An urban-history instructor at CalArts, Davis focuses on those less flattering realities that Starr passed over in pursuit of the dream: Where Starr hails the “Bismarckian municipal will” that created the mammoth Red Car transit system and San Pedro port virtually overnight, Davis reminds us that the same will also smashed L.A.’s labor movement; where Starr celebrates black leaders like Ralph Bunche, who saluted the “indomitable will and boundless optimism” of young African Americans, Davis reminds us that many more sympathized with Langston Hughes, who despaired that “so far as Negroes are concerned, Hollywood might just as well be controlled by Hitler.”

While Starr’s intent is to inspire the “dominant Establishment” of the present by focusing on the “courage and zest” of its predecessors, Davis’ approach ultimately proves more satisfying, for it forthrightly examines what increasing numbers of us secretly fear: the possibility that the bright future outlined by Starr and the Bradley Administration in the report “L.A. 2000” may be considerably less likely than the “Blade Runner” scenario.
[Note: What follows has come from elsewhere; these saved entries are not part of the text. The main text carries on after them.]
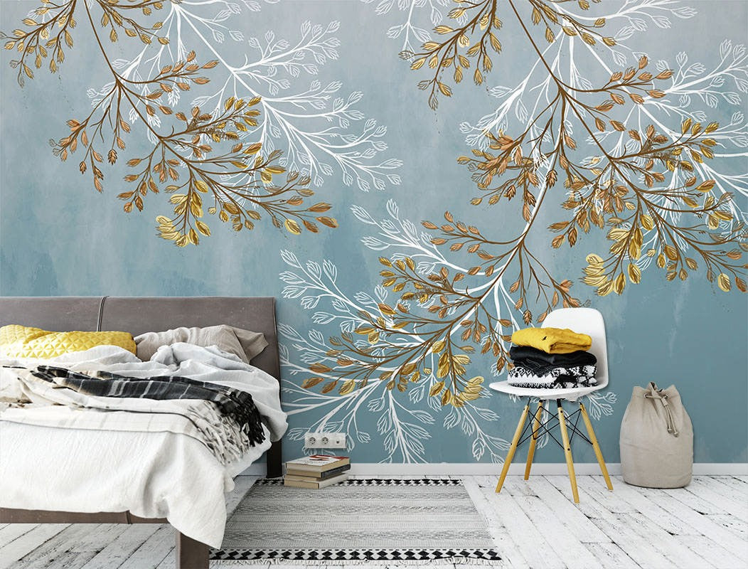 Winter Leaves Floral Gray Wallpaper Mural,Self-Adhesive Peel And Stick 3D Wall Paper,Bedroom Designer Wall Decor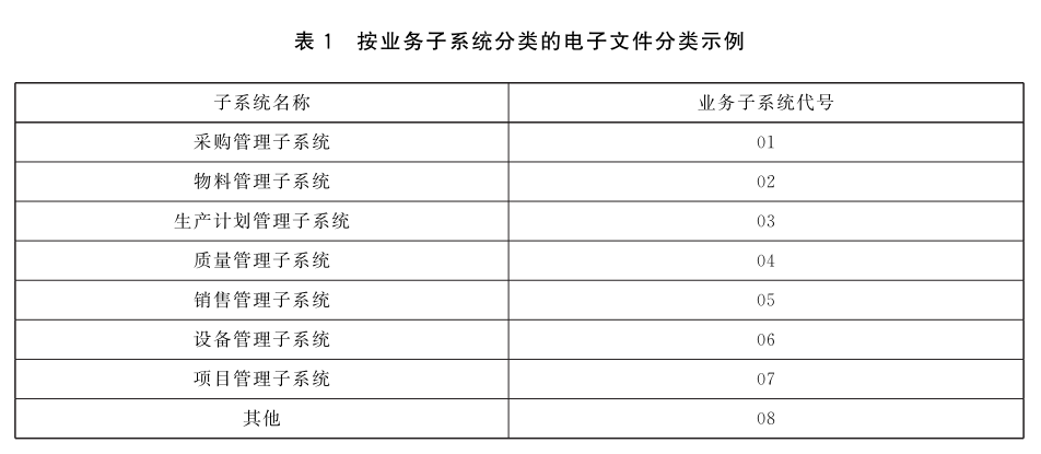 电子文件可按业务子系统、文件类型、年度等实施多级分类。以制造业为例,参照如下规则。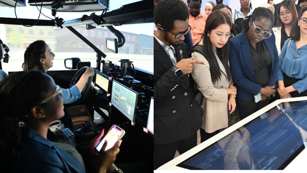 师生参观了国创中心的整车能效开发试验室、环境模拟试验室、汽车数字化体验实验室、车规级芯片测试认证中心。国创中心人力资源部韦婉女士通过生动详细的讲解,让来自不同国家、专业背景的留学生深入了解我国在新能源汽车领域的突出成果及最新技术进展,切身感受到科技创新对城市可持续发展的推动作用。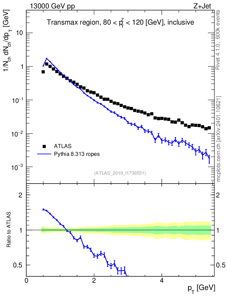Lines: data, pythia8 8.313 ropes |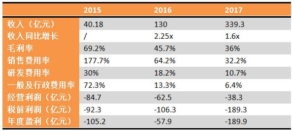 收入高速增长的同时,三费有所下降。公司销售相关费用占比从2015年的177.7%降至2017年的32.2%,显示出巨大的规模效应;研发费用和行政费用也都大幅下降。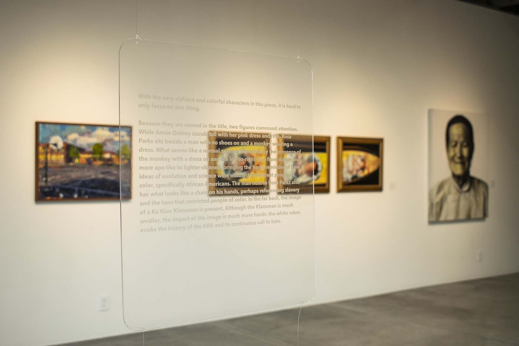 Installation view of gallery with a clear acrylic panel in the foreground and three artworks on the wall in the background. The acrylic panel has text printed on it. The artworks are paintings.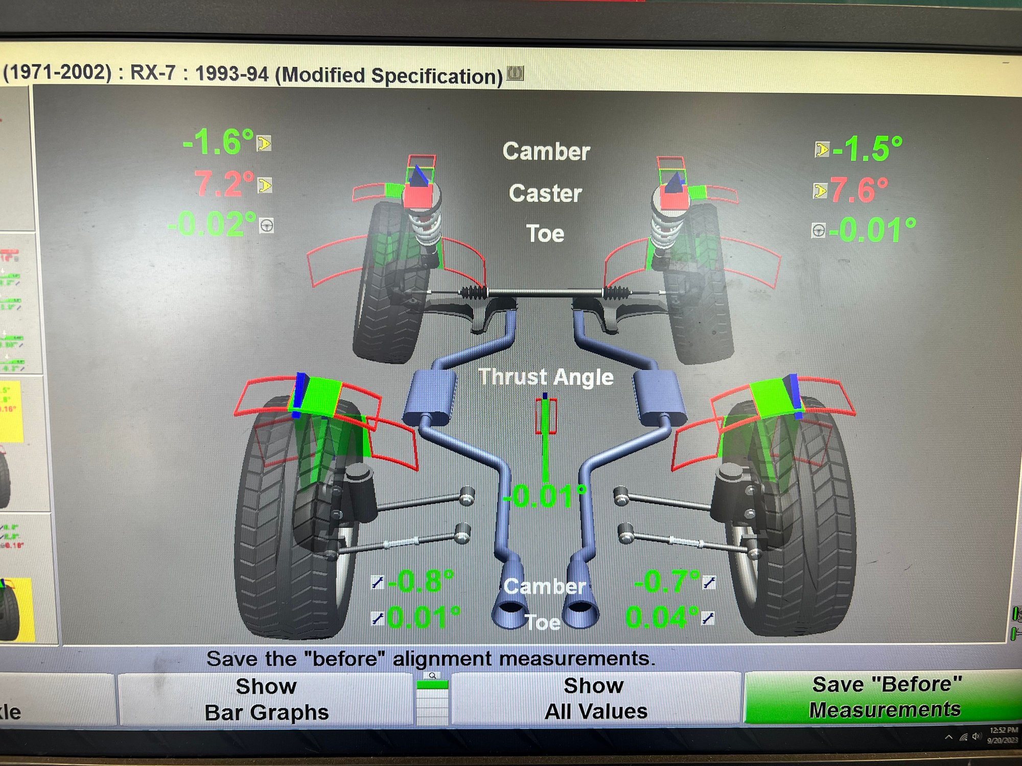 Before with an eyeball alignment. Front toe went into spec as soon as I got the rear in. Casters a little far forward but I’m happy with it.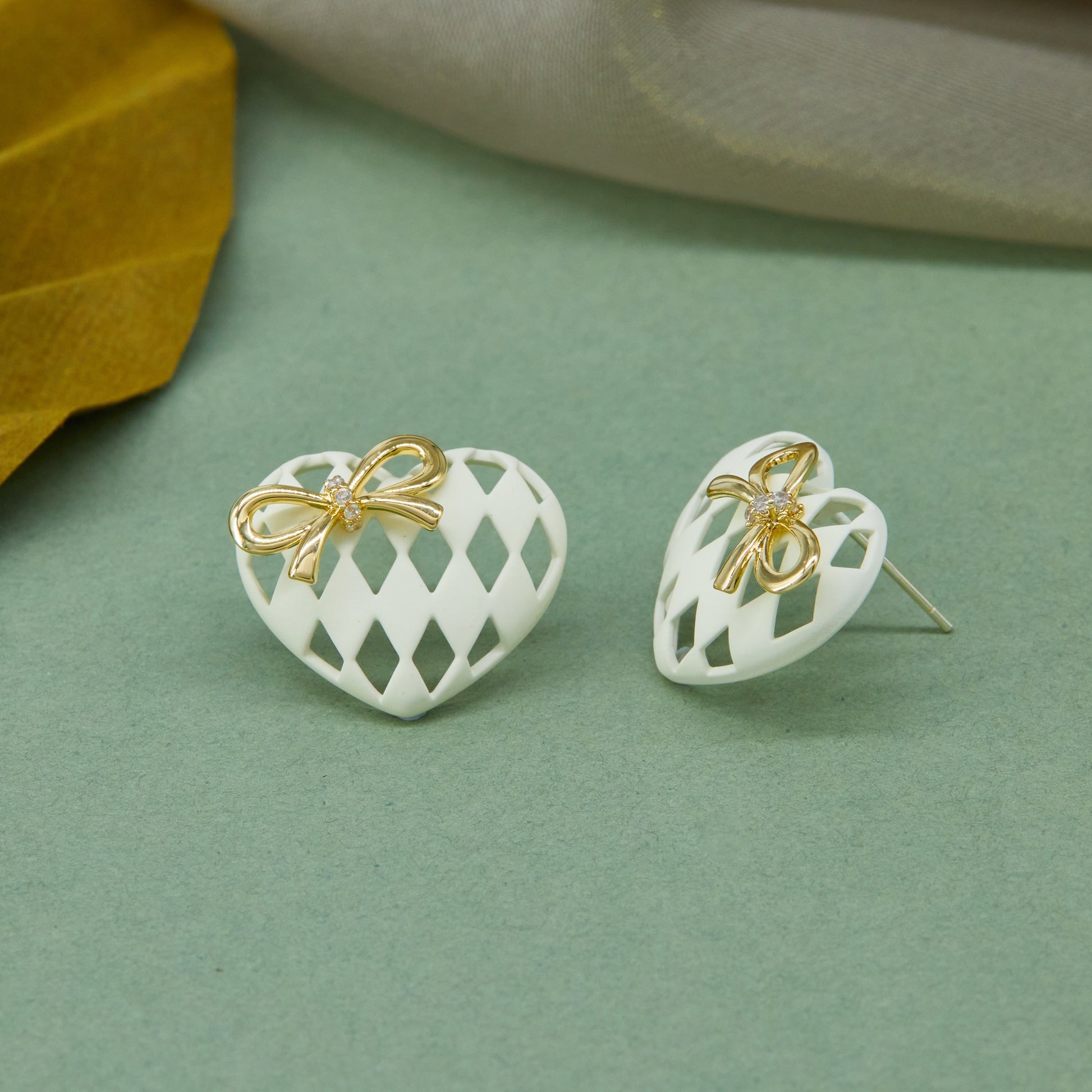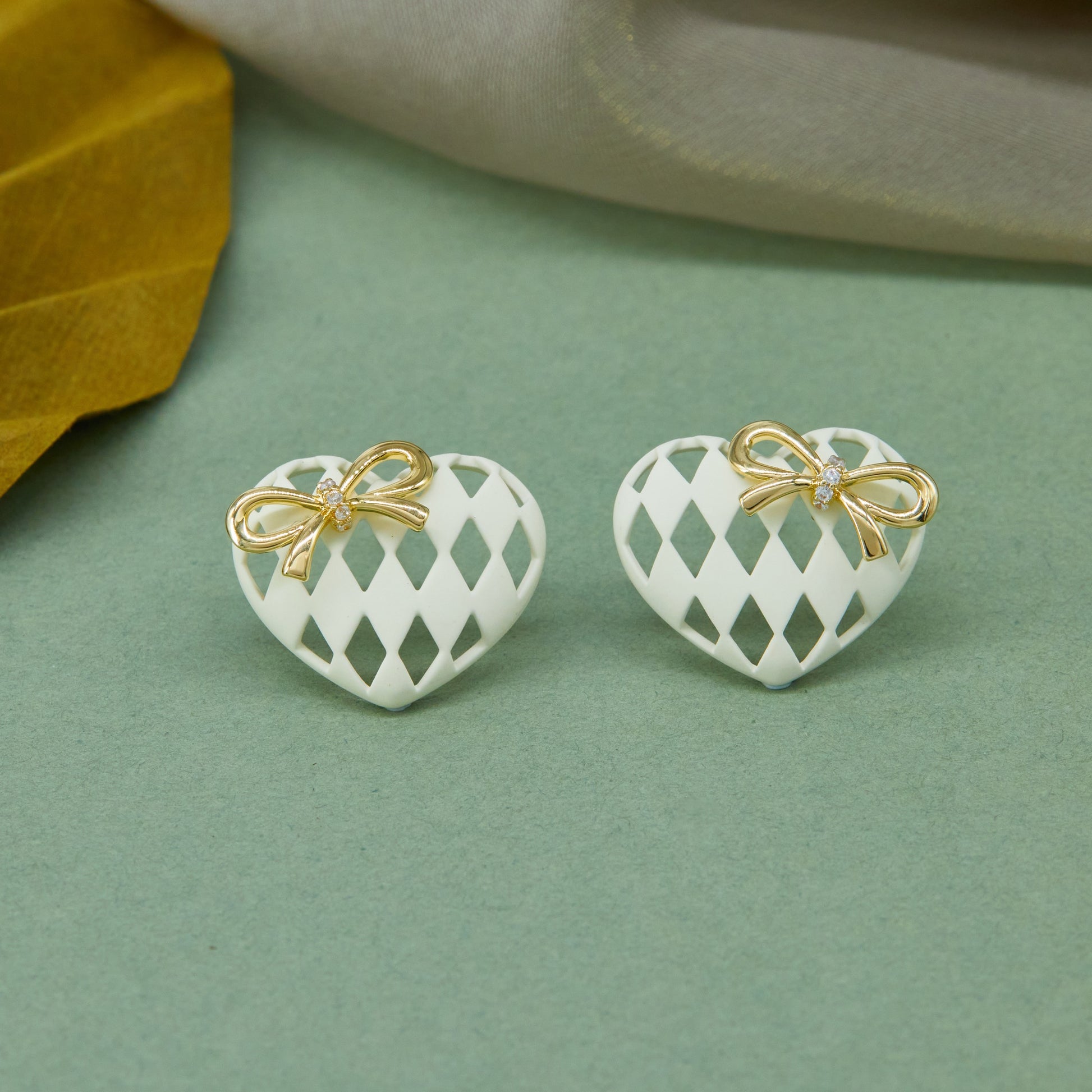 The earrings feature a pair of adorable white heart-shaped accessories, expertly crafted from enamel for a smooth, shiny finish. Their playful yet elegant design makes them a charming addition to any jewelry collection, perfect for adding a touch of whimsy and sweetness to any outfit.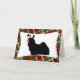 Fun Lhasa Apso Christmas Card has the dog breed silhouette, with reindeer antlers and a bright red glowing nose. The background is a cheery holiday plaid with reds and greens. The inside reads, "Wishing you and your family a wonderful holiday season!" Personalise the message to your own easily. Cute dog lover Christmas cards.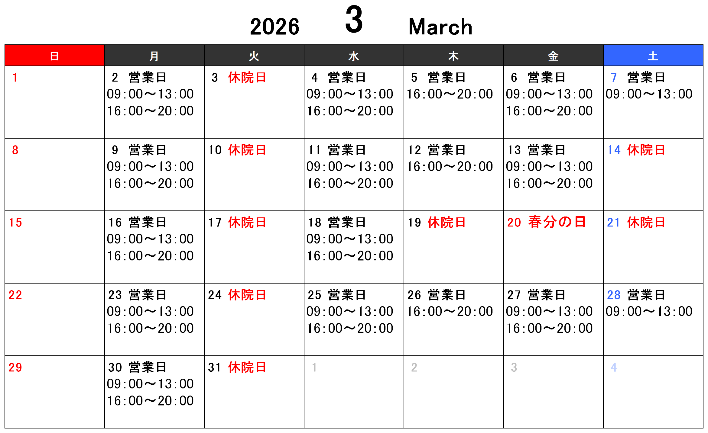 3月14日(土)と3月19日(木)~22日(日)をお休みとさせていただきます。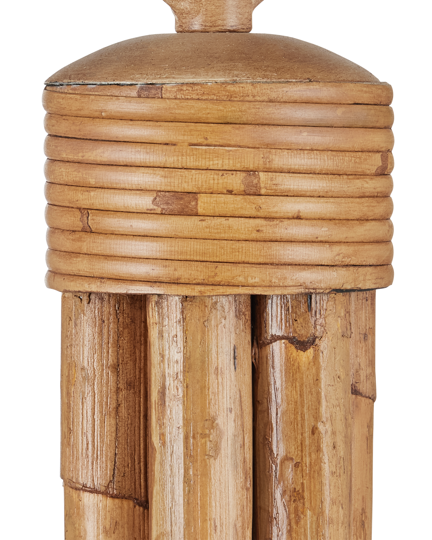 The Samsara Small Chandelier is made from thick reeds of rattan that bend to curve up and hold its six lights, which takes great skill and effort with rattan this sturdy. To keep the aesthetics of the natural tan chandelier clean, the candle sleeves and hardware all but disappear in a saddle tan finish. The thinner reeds that hold these in place are also tonally complementary. Adjustable from 35" to 115.5" with use of included chain/rod kit/cable. If your space calls for a longer drop, additional chain/rods/cable is available for purchase.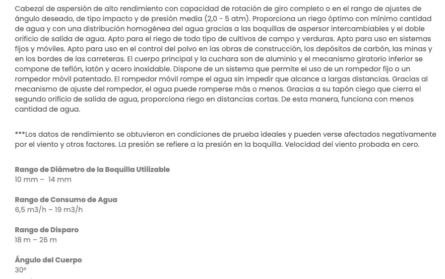 4patas 1m altura entrada 2" npt, presion max 70psi 5bar, INCLUYE BOQUILLAS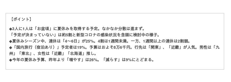 一方で、シーズン中に「連休の予定はない」人も1割ほど存在した。そして、連休の予定についても「予定は決まっていない」が3割と、夏休みの取得そのものや時期について決め切れていない様子がうかがえる。【図表2】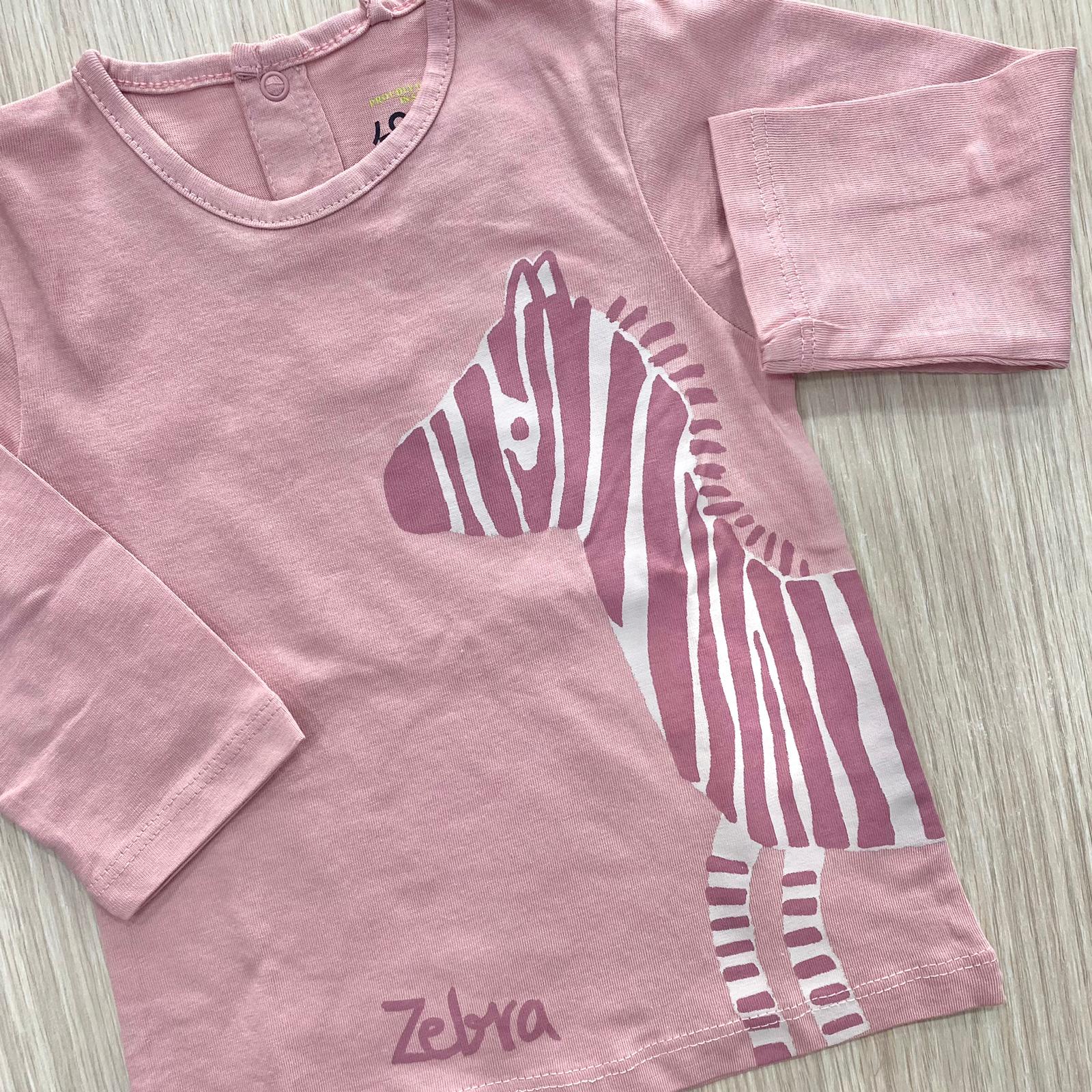 Maglia neonata/bambina in cotone, di colore rosa, con stampa di colore rosa scuro.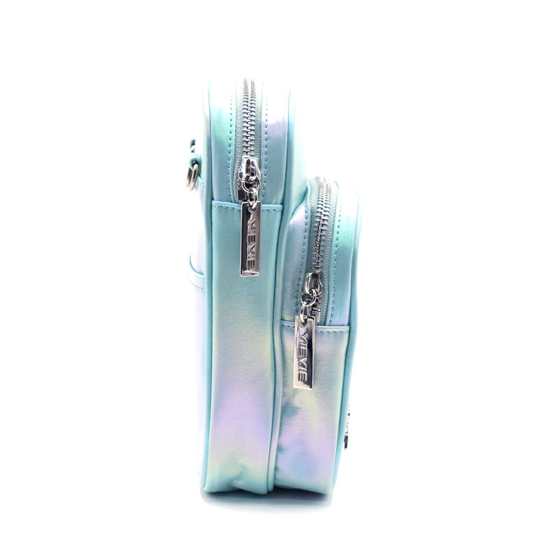 Bolso bandolera compacto para el día a día en color azul sirena con correa desmontable y anillo lateral para colgar objetos.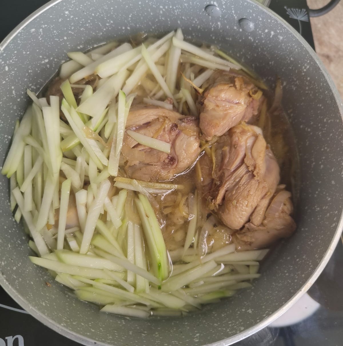 Add TG4 pack (Green Papaya), sauté for 3 minutes, then add 3–4 cups water; bring to a boil and simmer for 12 minutes until the papaya is tender.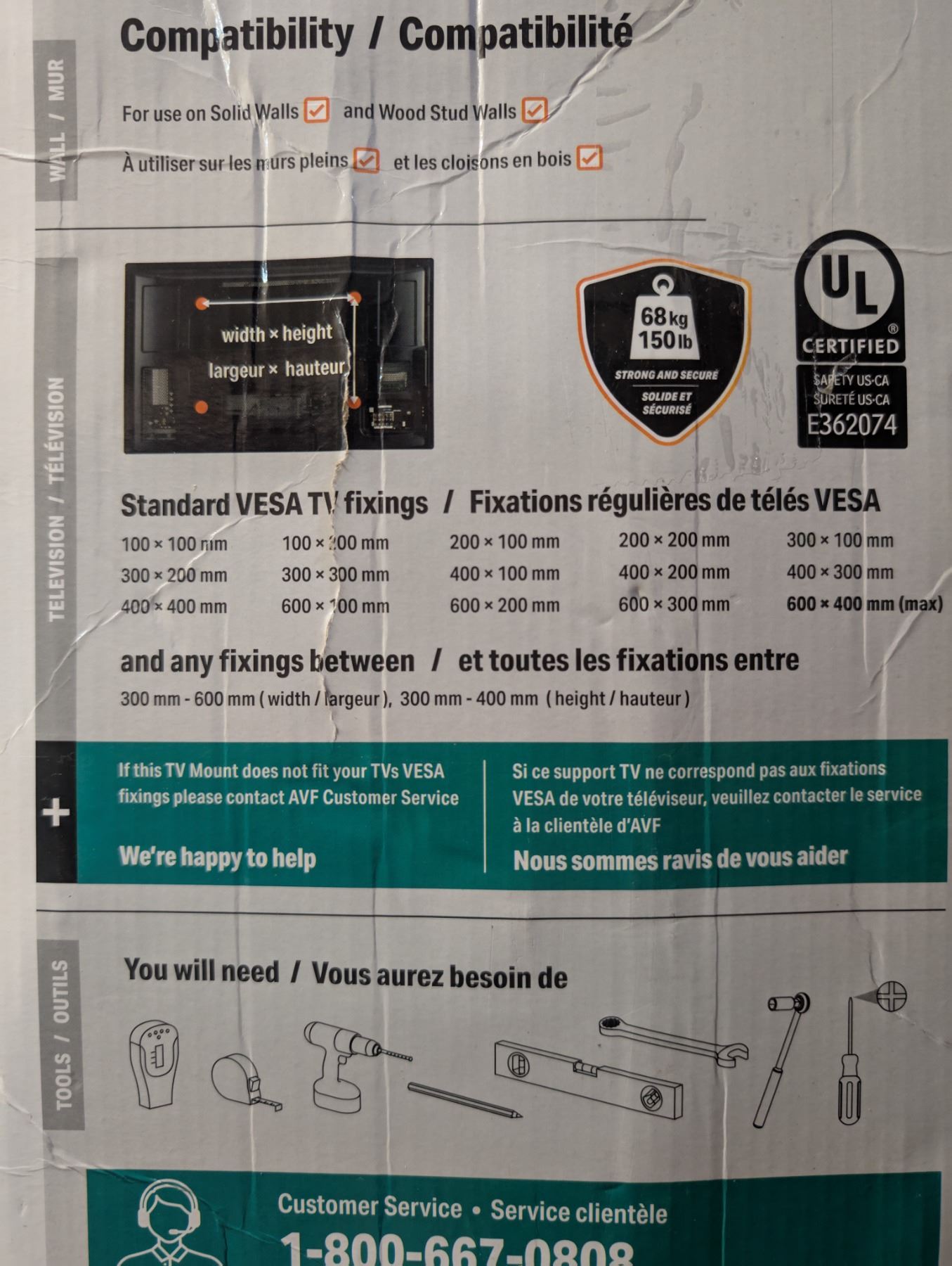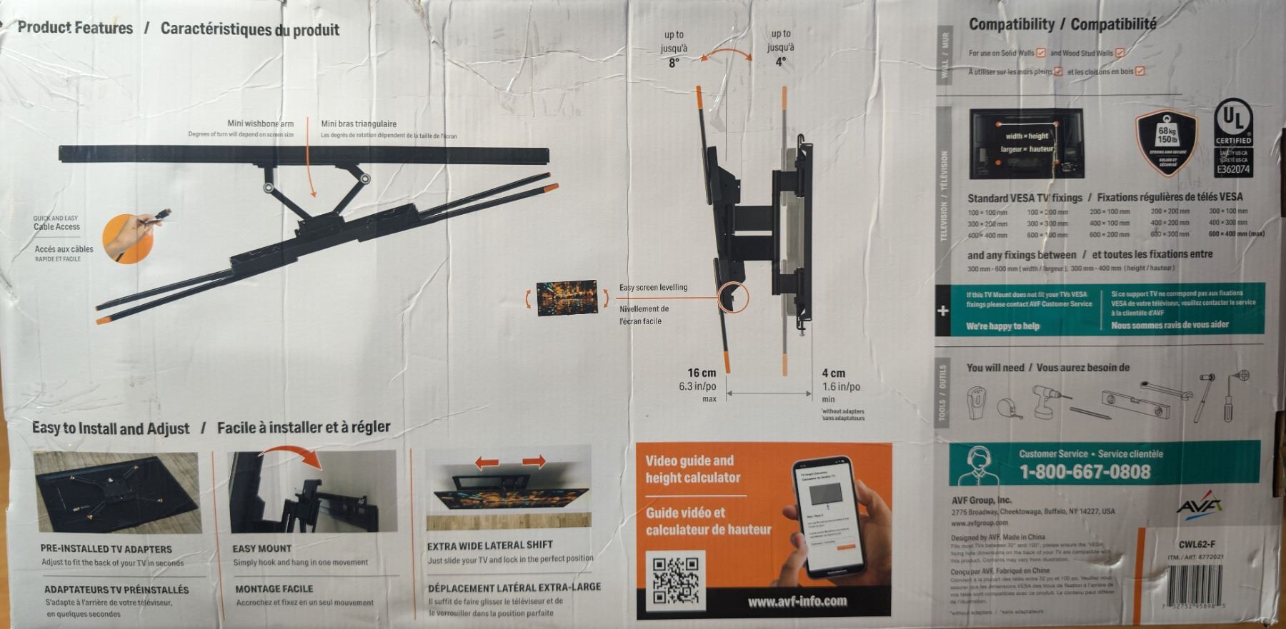 AVF tilt and turn TV wall mount 32-100in (like new in box)

The seeds for such a scenario are being sown, Davis writes, in local politicians’ financial dependence on wealthy developers like billionaire Donald Bren, which leads to an obsession about luring ever more capital into downtown that can eclipse other goals, such as bringing social programs into the inner city. Davis mounts a successful attack on the notion of growth-as-panacea in a brilliant exegesis on how cities cannot prosper by wealth alone.

They prosper, for example, because of a lively, home-grown culture that both reflects and shapes the local society. Our culture, on the other hand, has either been invented (the first “Los Angeles Fiesta,” which established the romantic “mission myth,” was actually an attempt to divert attention from a local Pullman strike) or imported.

Davis points out that while unprecedented billions of dollars in arts capital recently have poured in to establish high art institutions such as the Getty Center and MOCA, school-board financing for music and arts instruction has plummeted, key community arts workshops have closed, local jazz venues have folded one after another, black and Chicano film makers have lost much of their foundation support, and the East Los Angeles mural movement has virtually disappeared.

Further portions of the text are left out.